Когда я приехал в Ливерпуль впервые, Мел была дежурным социальным работником. Теперь она глава районного отделения (это называется «специалист по защите прав ребенка»). Не многим удается продержаться на социальной работе так долго. Они либо выгорают, либо взрываются.
Мел была типичным панком с растрепанными волосами, ее гардероб сплошь состоял из поношенных кожаных курток и рваных джинсов. Она всегда бросала вызов чужим мнениям, независимо от того, соглашалась она с ними или нет, потому что любила наблюдать, как люди встают на защиту своих убеждений.
Она родилась в Корнуолле и с детства слушала, как ее отец, местный моряк, разглагольствовал на тему различия между «мужской работой» и «женской работой». Неудивительно, что, повзрослев, она стала рьяной феминисткой и автором докторской диссертации под названием «Когда женщины носят штаны». Должно быть, ее отец переворачивается в гробу.
Муж Мел, Бойд, ланкаширский парень, одевался в брюки цвета хаки и свитера с высоким горлышком и закатанными рукавами. Высокий и худой, он поседел в девятнадцать лет, но носил длинные волосы, завязанные в хвост. Я лишь однажды видел их распущенными, в душе после того, как мы играли в бадминтон.
Коссимо были прекрасными хозяевами. Почти каждые выходные мы собирались на старой террасе Бойда в саду с эоловой арфой и прудом, вокруг которого росла конопля. Мы все слишком много работали, нас слишком мало ценили, и все же мы были идеалистами. Джулиана играла на гитаре, а Мел пела, как Джонни Митчелл. Мы ели вегетарианские блюда, злоупотребляли вином, покуривали травку и исправляли несправедливости мира. Похмелье не проходило до понедельника, а несварение желудка – до среды.
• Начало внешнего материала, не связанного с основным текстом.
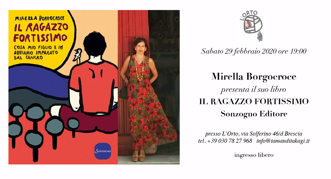 Mirella Borgocroce insegna lettere in una scuola secondaria, è stata tastierista ed autrice musicale del gruppo Pale Tv, una band della prima new wave italiana anni ’80 collegata alla Italian Records, pratica il Buddismo della scuola di Nichiren Daishonin. E’ sposata, con figli. E’ nata con un dono importante: l’uso sapiente delle parole, grazie alle quali è riuscita a raccontare la storia di suo figlio Rocco, della sua malattia e del lungo viaggio che ha portato alla sua guarigione. Questa storia è diventata un libro, “Il ragazzo fortissimo” (Sonzogno Editore), che Mirella presenterà sabato 29 febbraio 2020 alle ore 19:00 all’Orto, in via Solferino 46/d a Brescia. Sono onorata che abbia accettato di rispondere ad alcune mie domande, che condivido con la certezza che possano arrivare al cuore ed essere di conforto a tutti coloro che si trovano o si sono trovati in quell’altrove così buio eppure fecondo che è la malattia.

Мел строит мне гримасы в окно. Теперь у нее прямые волосы, схваченные заколками-невидимками. На ней темные брюки и сшитый на заказ бежевый пиджак. К лацкану приколота белая ленточка. Не помню, какую благотворительную организацию она представляет.
– Так выглядят руководители?
– Нет, люди среднего возраста. – Она смеется и садится, вздохнув с облегчением. – Эти туфли меня убивают. – Она скидывает их и трет лодыжки.
– Ходила по магазинам?
– Нет, была в суде по правам ребенка. Приговор о срочном помещении под опеку.
– Удачный исход?
– Бывает и хуже.
Я заказываю кофе, а она смотрит на стол. Я знаю, что она оценивает меня, пытается понять, насколько я изменился. Есть ли у нас еще что-то общее? Почему я так внезапно объявился? Социальная работа вырабатывает в людях подозрительность.
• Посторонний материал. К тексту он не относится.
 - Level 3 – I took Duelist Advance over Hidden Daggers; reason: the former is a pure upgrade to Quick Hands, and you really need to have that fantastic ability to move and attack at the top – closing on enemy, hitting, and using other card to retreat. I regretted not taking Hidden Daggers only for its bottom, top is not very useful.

– И что случилось с твоим ухом?
– Собака укусила.
– Нельзя работать с животными.
– Я слышал об этом.
Мел смотрит, как моя левая рука пытается размешать кофе.
– Ты до сих пор с Джулианой?
– Угу. Теперь у нас есть Чарли. Ей восемь. Думаю, Джулиана снова беременна.
– Разве ты не уверен? – смеется она.
Я смеюсь вместе с ней, хотя на деле снедаем мучительным чувством вины.
Затем я спрашиваю ее о Бойде. Я представляю его стареющим хиппи, который все еще носит полотняные рубашки и индийские брюки. Мел отворачивается, но я все же успеваю заметить, как боль омрачает ее лицо.
– Бойд умер.
Она сидит неподвижно и ждет, пока тишина не свыкнется с этой новостью.
– Когда?
– Больше года назад. Огромный грузовик проехал на красный свет и сбил его.
Я выражаю ей соболезнования. Она грустно улыбается и слизывает молочную пену с ложки.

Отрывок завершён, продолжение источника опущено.